Stored records
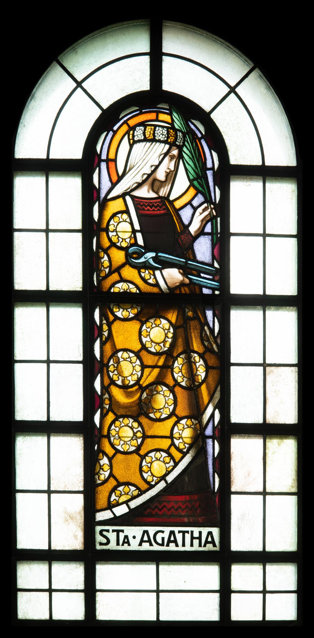 Mit opaken Rechtecken blank verglastes Rundbogenfenster mit der Darstellung der Ganzfigur der heiligen Agatha in den beiden zentralen Feldern. Die Heilige ist in einem reich geschmückten Umhang gezeigt, das Haar mit Blumenkranz und Schleier bedeckt. In den Händen hält sie Zange und Palmzweig als Zeichen ihres Martyriums. Unterhalb der Figur Namenszug.
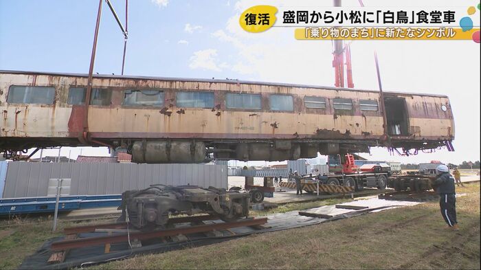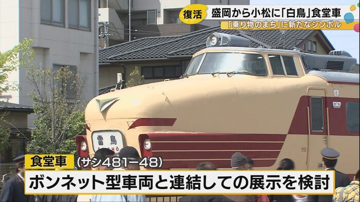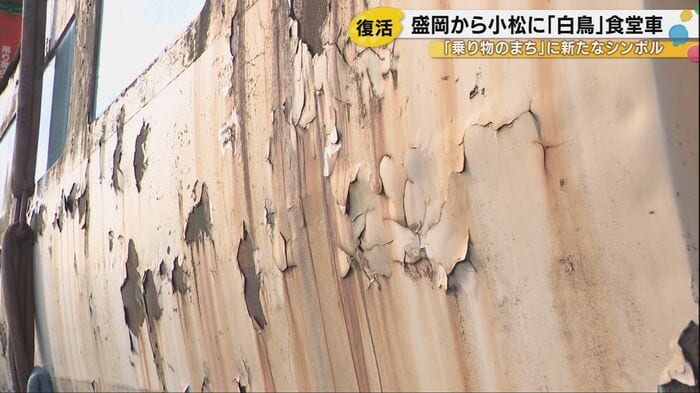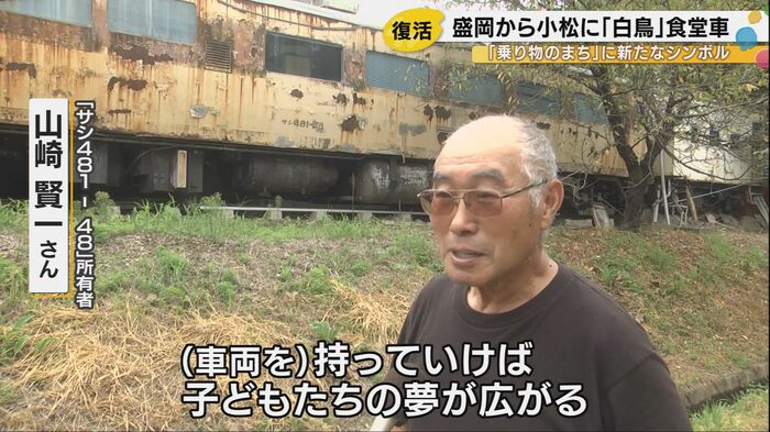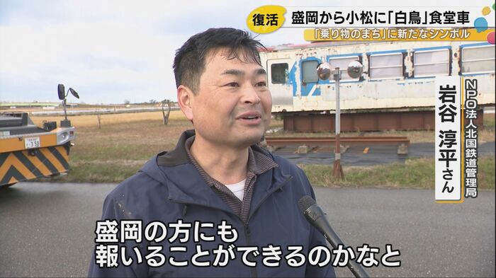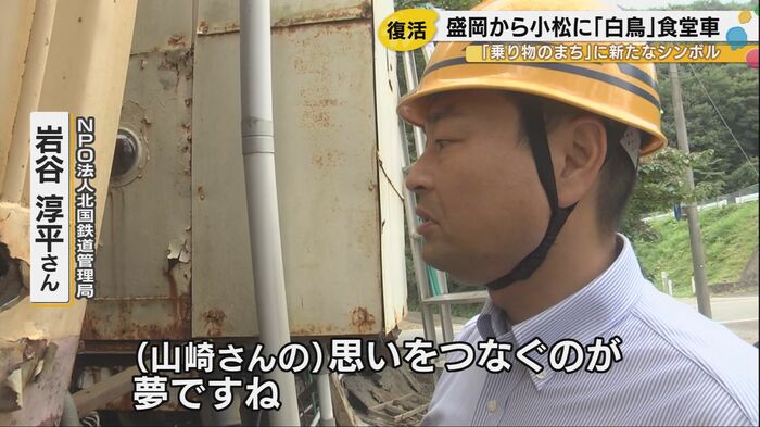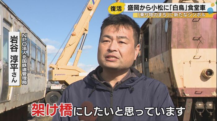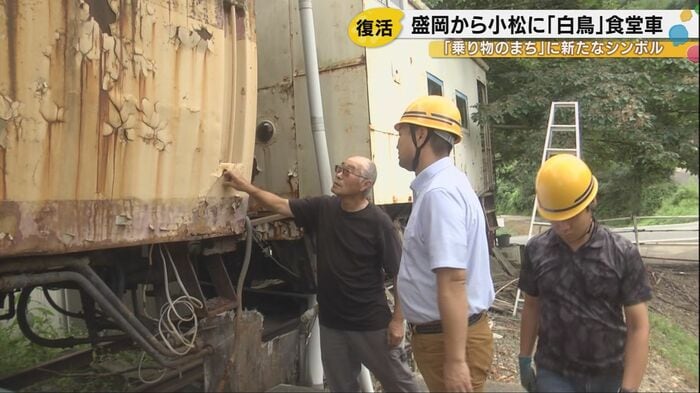 岩谷さんが運営するNPO法人では、これまでにもボンネット型の特急車両を復元し、小松市内の公園に展示する取り組みを行ってきた。岩谷さんは食堂車を修繕した後、最終的にはボンネット型の車両と連結する形で展示することを目指している。
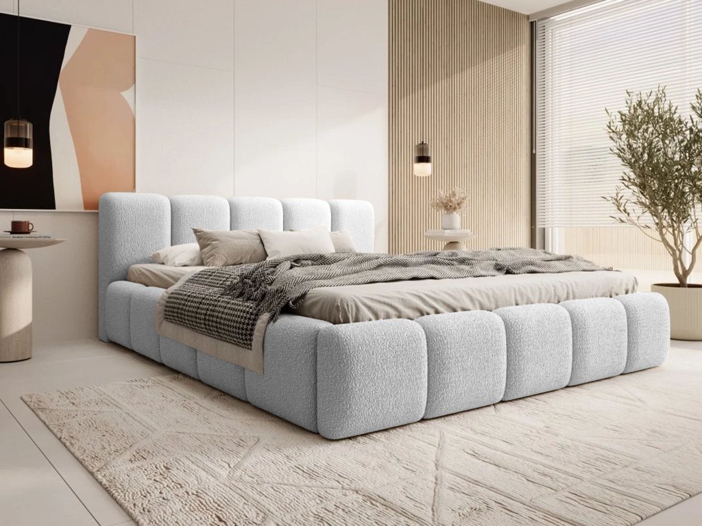 Posteľ Feros 180×200 cm v elegantnej sivej buklé látke prináša do spálne štýl, harmóniu a maximálne pohodlie. Jemne zaoblené línie a vysoké čalúnené čelo vytvárajú útulné a nadčasové miesto na oddych aj čítanie.
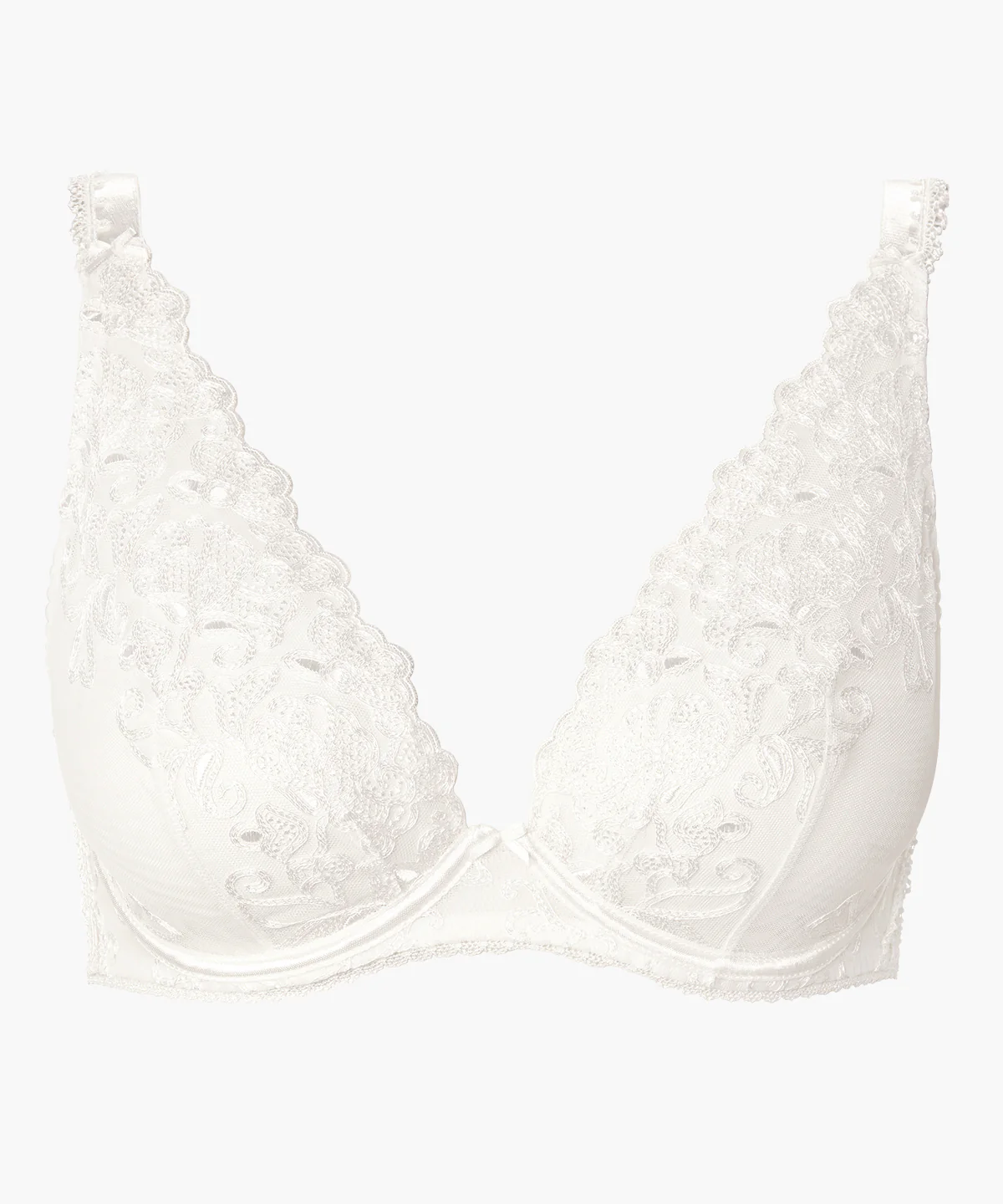 Le décolleté profond et sexy offre sa séduction aux poitrines les plus généreuses. Jusqu’au bonnet F, le soutien-gorge Triangle Plunge Confort déploie sa féminité dans le romantisme de la broderie Cornely. De riches bretelles doublées d’une guipure coordonnée encadrent la poitrine.
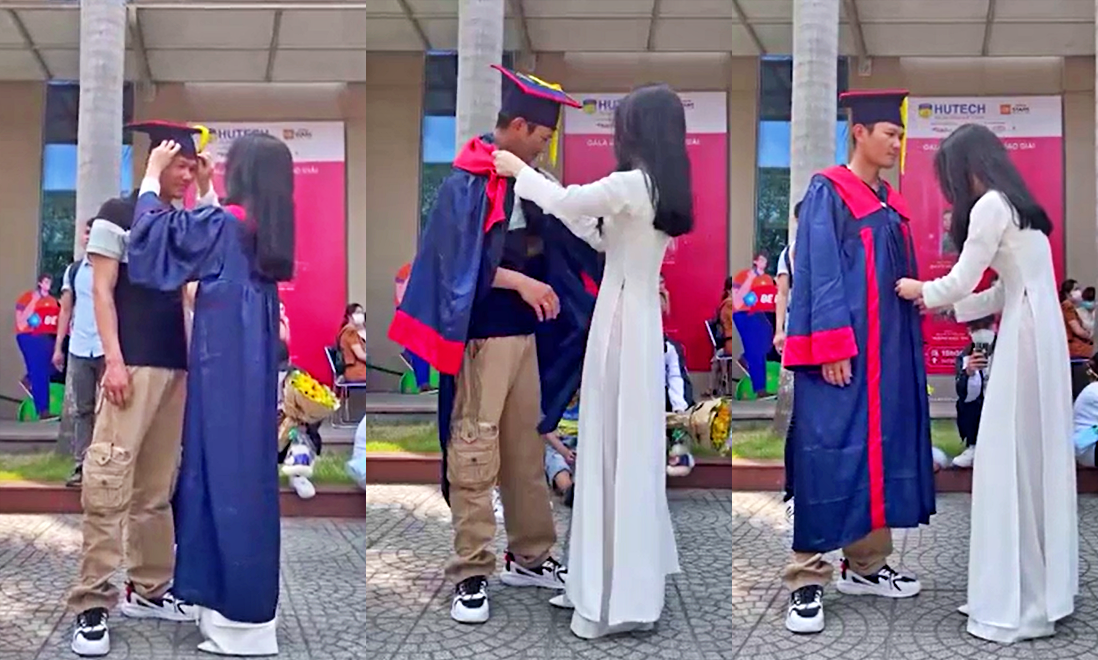 Đến trước mặt anh trai, cô gái 23 tuổi cởi mũ, bộ quần áo cử nhân rồi mặc nó lên người anh. Thảo muốn tri ân anh trai, người đã hi sinh tuổi thanh xuân, thay bố mẹ nuôi cô ăn học, trưởng thành như bây giờ.
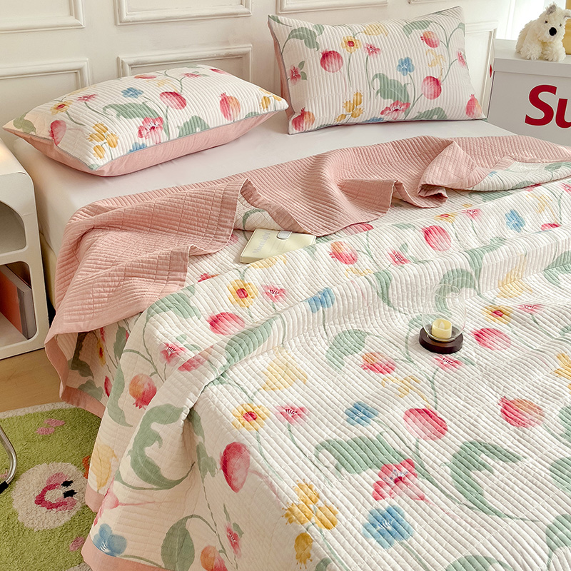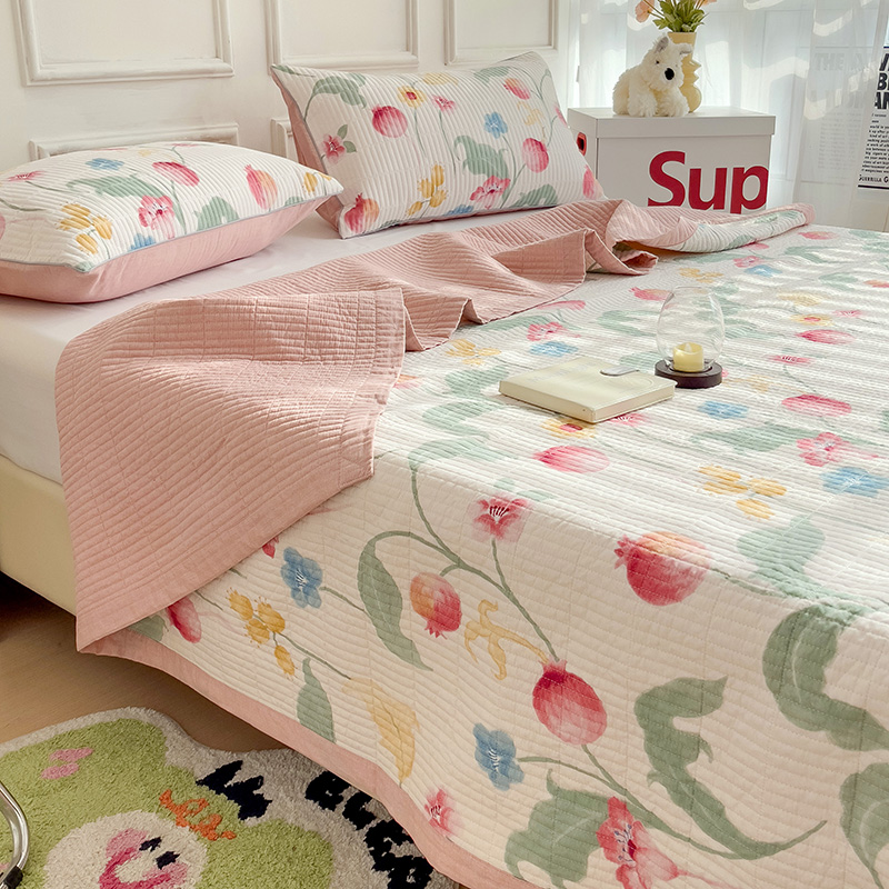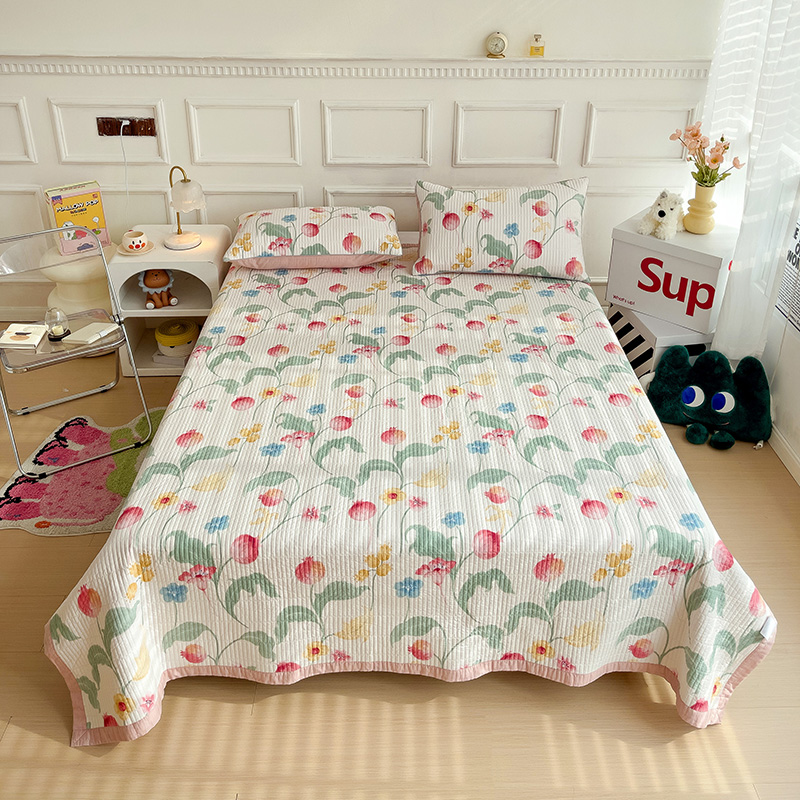 商品名称:沐纯家居 2024新款40S13372双面纯棉床盖三件套 时榴
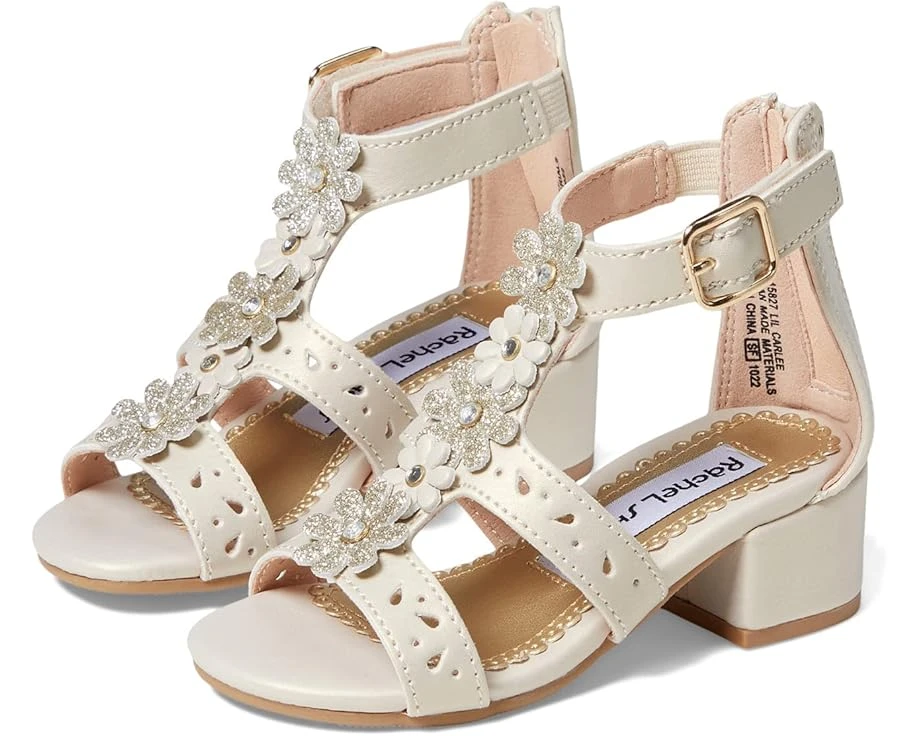 Let your little one feel like a princess by wearing Rachel Shoes® Lil Carlee Heels.SKU: #9861010Man-made upper.Man-made lining and insole.Open round toe.Intricate detailing on upper.Zipper and hook-and-loop closure.Brand logo on insole.Block heel.Imported.Product measurements were taken using size 6 Toddler, width M. Please note that measurements may vary by size.Measurements:
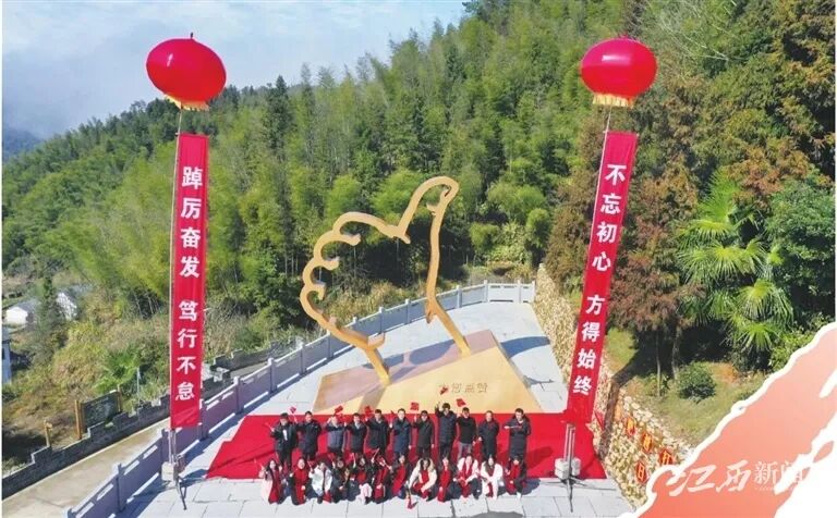 ▲1月26日,井冈山市茅坪镇干部在“为您点赞”雕塑前祝福党和祖国。 摄影 | 江西日报记者 李 劼

▶ PROBLEM REQUIREMENTS
Each line from the first line of the data above through the one containing "岩谷さんが運営するNPO法人" must be set down exactly; the pictures must not be.

▶ TASK RESPONSE
 Mit opaken Rechtecken blank verglastes Rundbogenfenster mit der Darstellung der Ganzfigur der heiligen Agatha in den beiden zentralen Feldern. Die Heilige ist in einem reich geschmückten Umhang gezeigt, das Haar mit Blumenkranz und Schleier bedeckt. In den Händen hält sie Zange und Palmzweig als Zeichen ihres Martyriums. Unterhalb der Figur Namenszug.
 岩谷さんが運営するNPO法人では、これまでにもボンネット型の特急車両を復元し、小松市内の公園に展示する取り組みを行ってきた。岩谷さんは食堂車を修繕した後、最終的にはボンネット型の車両と連結する形で展示することを目指している。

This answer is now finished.